The utility of ICG fluorescence for sentinel lymph node identification in head and neck melanoma.
American Journal of Otolaryngology
PURPOSE: Perform an evidence-based review to determine the utility of indocyanine green fluorescence (ICG) to detect sentinel lymph nodes (SLN) in patients with head and neck melanoma compared to blue dye or radiocolloid injection (RI).
MATERIALS AND METHODS: A systematic review of the literature was performed to identify patients with head and neck melanoma managed with ICG fluorescence. PubMed, Embase, and Cochrane Library databases were searched. Included studies were assessed for level of evidence. Patient demographics and data on SLN identification were determined.
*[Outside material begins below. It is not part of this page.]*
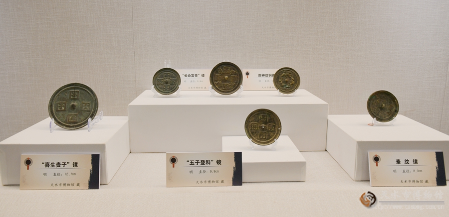 此次展覽精選天水市博物館、秦安縣博物館收藏的100余面珍品銅鏡展出,時間跨度從兩漢到清代,這些銅鏡造型優(yōu)美,紋飾精巧,題材豐富,銘文獨特,制作精湛,基本完整地串聯(lián)起了中國古代銅鏡的發(fā)展脈絡(luò),系統(tǒng)展示了銅鏡的歷史價值、審美價值、科技價值和文化價值。此次展覽以時代為主線,共分為:兩漢鏡鑒、繁華似鏡、光鑒古今、鏡里乾坤四個單元,采取圖版、實物和銘文釋讀等多種形式,集中展示了中國青銅文化的博大精深,表現(xiàn)了銅鏡在各個歷史時代中的文化特征和工藝特點,讓我們共同走進(jìn)銅鏡的世界,體味古人的文明與智慧。

RESULTS: Twenty-two studies encompassing 399 patients (75% male, 25% female, average age 57.1 years) met inclusion criteria. Publications comprised of two case reports, four retrospective case series, twelve cohort studies, and four clinical trials. Most common site of melanoma was scalp/temple/forehead (35%), cheek/midface (22%), and ear (17%) with an average Breslow thickness of 3.32 mm. SLN was identified in 80.7% (n = 201/249) of patients using ICG-RI, 85.2% (n = 75/88) using RI alone, and 63.4% (n = 52/82) using blue dye-RI.
Patel N, Allen M, Arianpour K, Keidan R. The utility of ICG fluorescence for sentinel lymph node identification in head and neck melanoma. Am J Otolaryngol. 2021 Sep-Oct;42(5):103147. doi: 10.1016/j.amjoto.2021.103147. Epub 2021 Jun 25. PMID: 34237540.